By STEPHEN KALIN Associated Press
HARTFORD, Conn. (AP) _ Governor Dannel P. Malloy’s $1.5 billion proposal to strengthen the sciences and boost enrollment at Connecticut’s flagship university has passed a key legislative hurdle.
The General Assembly’s Finance, Revenue and Bonding Committee voted 43-to-7 on Tuesday to forward the bill for further consideration, despite some lawmakers’ concerns about cost.
The legislation would build new labs and refurbish others, upgrade information technology and renovate and build housing and parking at UConn. The effort is expected to attract millions of dollars in research grants and boost high-wage jobs in science and technology.

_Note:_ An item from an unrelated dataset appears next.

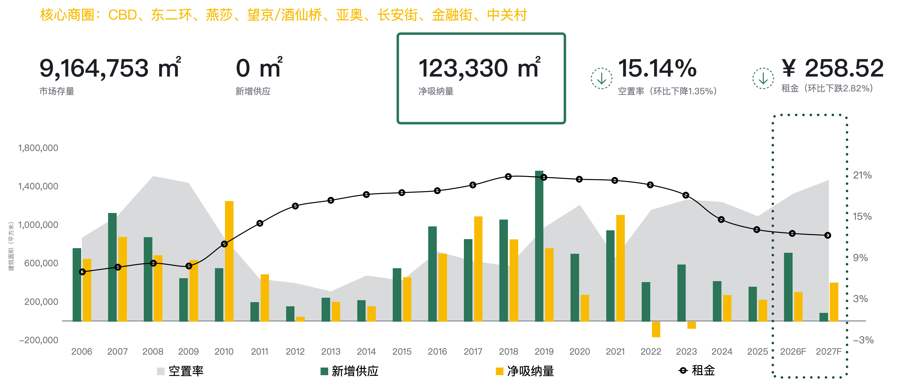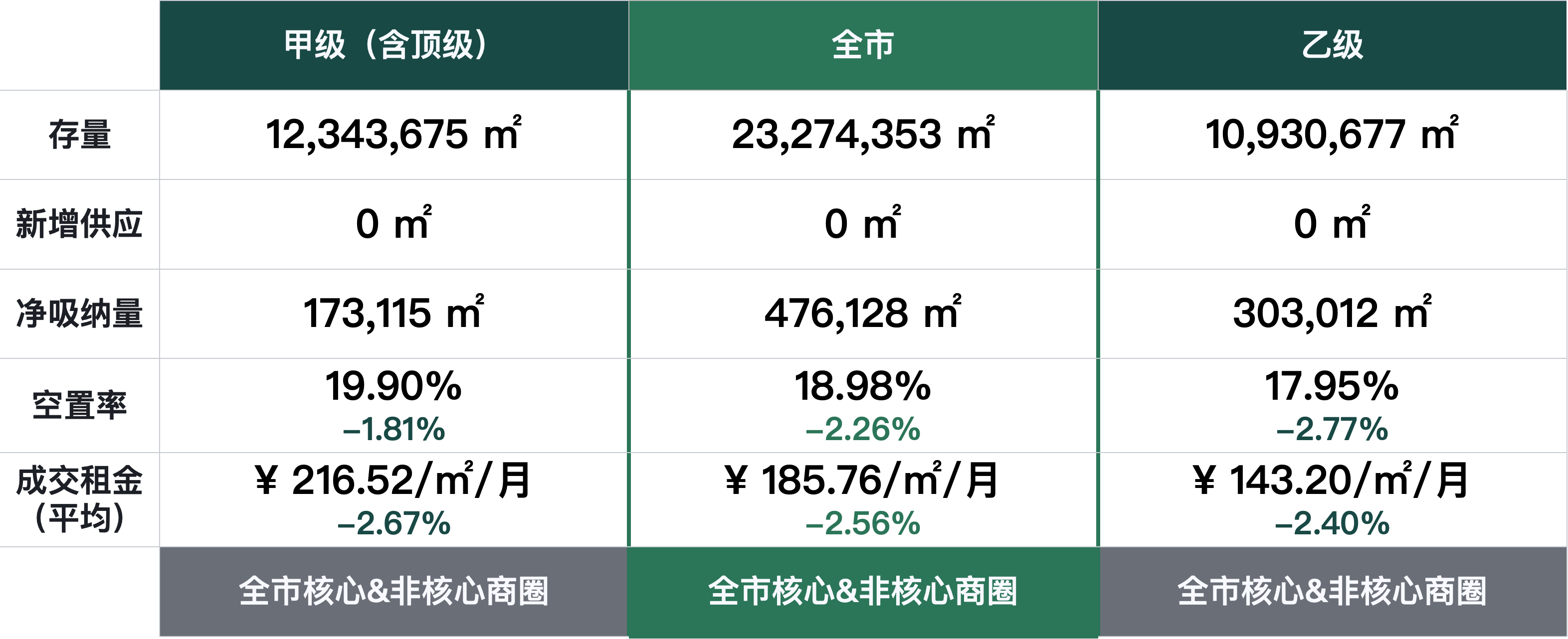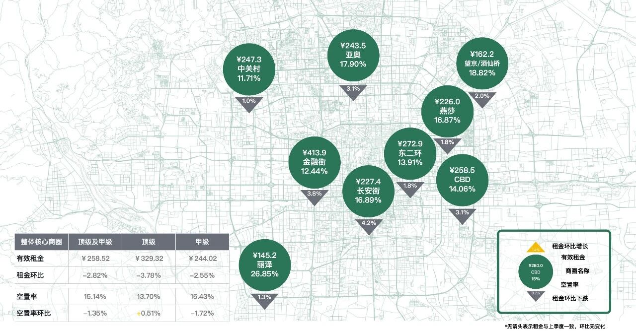 本季度全市整体写字楼空置率继续走低,环比上季度下降2.26个百分点,其中甲级(含顶级)写字楼空置率环比下降1.81个百分点。全市整体平均租金环比上季度下降2.56个百分点,甲级(含顶级)写字楼成交租金已接近每月每平方米215元。 本季度仍无新项目投入市场,全年预计供应量达到54.5万平方米,其中主要商圈供应量仅16.2万平方米,较去年主要商圈供应量减少32.2万平方米。全市整体写字楼净吸纳量环比上升47.6万平方米,其中甲级(含顶级)写字楼净吸纳量为173,115平方米,环比上升7.7万平方米。 2025年第三季度,写字楼租赁市场仍处于调整期,租户主导的议价空间扩大与行业竞争白热化双重压力下,写字楼租金价格延续下行通道;甲级(含顶级)写字楼成交租金环比下降2.67个百分点,为每月每平方米216.52元;乙级写字楼成交租金环比下降2.40个百分点,录得每月每平方米143.20元。 本季度核心商圈甲级(含顶级)写字楼净吸纳量为123,330平方米,空置率环比下降1.35个百分点,录得15.14%;成交租金环比上季度下跌2.82个百分点,为每月每平方米258.52元。 按行业成交面积(-/+)环比变化 从行业成交面积来看,政府机构、教育培训行业成交面积环比上季度涨幅均超过6万平方米,文化传媒、贸易、能源化工行业成交面积环比上季度均有上升。专业服务、金融和科技互联网行业成交面积环比均有回落,其中科技互联网行业降幅超过5万平方米。 按楼宇等级成交面积(-/+)环比变化 从楼宇等级成交面积来看,顶级和乙级写字楼成交面积环比上升,其中乙级写字楼成交面积涨幅超过8万平方米;甲级写字楼成交面积环比下降超过4万平方米。 按商圈成交面积(-/+)环比变化 从各商圈成交面积来看,望京/酒仙桥商圈本季度表现活跃,成交面积环比上季度涨幅超过1万平方米;燕莎、丽泽、长安街、CBD、金融街商圈相对稳定;中关村、亚奥和东二环商圈成交面积环比均有降低,中关村的降幅最为明显,超过8万平方米。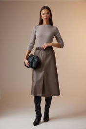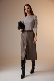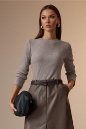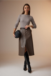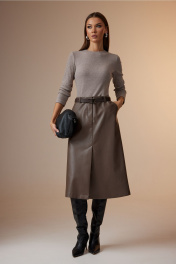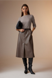 Платье женское полуприлегающего силуэта, выполнено из двух видов ткани: верх из трикотажного полотна виде джемпере, низ виде расширенной юбки из кожзаменителя. Джемпер с круглой горловиной, с втачными длинными рукавами и молнией по центру спинки. Юбка со средним швом на передней половинке, в котором шлица снизу и наклонные карманы. На заднем полотнище средний шов, в котором заканчивается молния и талиевые вытачки. На переднем и заднем полотнище пришиты шлевки. Ширина изделия на уровне глубины: 42р – 40см, 44р – 42см, 46р – 44см, 48р – 46см, 50р – 48см, 52р – 50см; Ширина по линии талии: 42р – 34см, 44р – 36см, 46р – 38см, 48р – 40см, 50р – 42см, 52р – 44см; Ширина по линии бедер: 42р – 47см, 44р – 49см, 46р – 51см, 48р – 53см, 50р – 55см, 52р – 57см; Ширина рукава под проймой: 42р – 15см, 44р – 16см, 46р – 17см, 48р – 18см, 50р – 19см, 52р – 20см; Ширина плеча: 42-46р – 10,5см, 48-52р – 12см; Ширина спинки: 42-46р – 31см, 48-52р – 33см; Длина рукава: 60см; Длина по среднему шву спинки: 113см.

“If we want to be the kind of innovative and inventive and creative state that we’ve been in the past,” said Sen. Gary Lebeau, D-East Hartford, “this is the kind of investment _ and that is the key word _ this is the kind of investment that we need to make going forward.”
Malloy proposed the legislation in January along with a new $200 million fund at the UConn Health Center intended to attract bioscience companies and jobs to the state. The bioscience funding bill was also approved on Tuesday in a 33-to-17 vote.
Malloy commended the committee on Tuesday for moving both bills forward and said via Twitter that the initiatives would strengthen economic development and job creation.
Legislators approved the proposals despite concerns about their cost. The infrastructure bill calls for $1.54 billion in bonding and $137 million in state money, while the bioscience fund would be financed by additional bonding.
Rep. John Piscopo, R-Thomaston, said the state has already committed hundreds of millions of dollars to improving UConn. He said this latest proposal represents “just too much borrowing.”“This isn’t 1994 University of Connecticut when the library was falling apart and `the jungle’ was a jungle,” he said, referring to an infamous dormitory complex. “This isn’t UConn in dire straits.”
Sen. Steve Cassano, D-Manchester, defended the cost of the bill.
“If you don’t compete, you don’t succeed,” he said. “If you want top faculty, you have to pay for it. You have to invest in the infrastructure to get people to attend it.”
The committee also discussed the impact of the planned expansion on existing water, transport and housing infrastructure.
Sen. Kevin Witkos, D-Canton, and Rep. Susan Johnson, D-Windham, expressed concerns about how the proposed expansion would affect water supplies at UConn and throughout the state. The university has already begun to review options to produce 2 million gallons of water a day to keep up with its growth.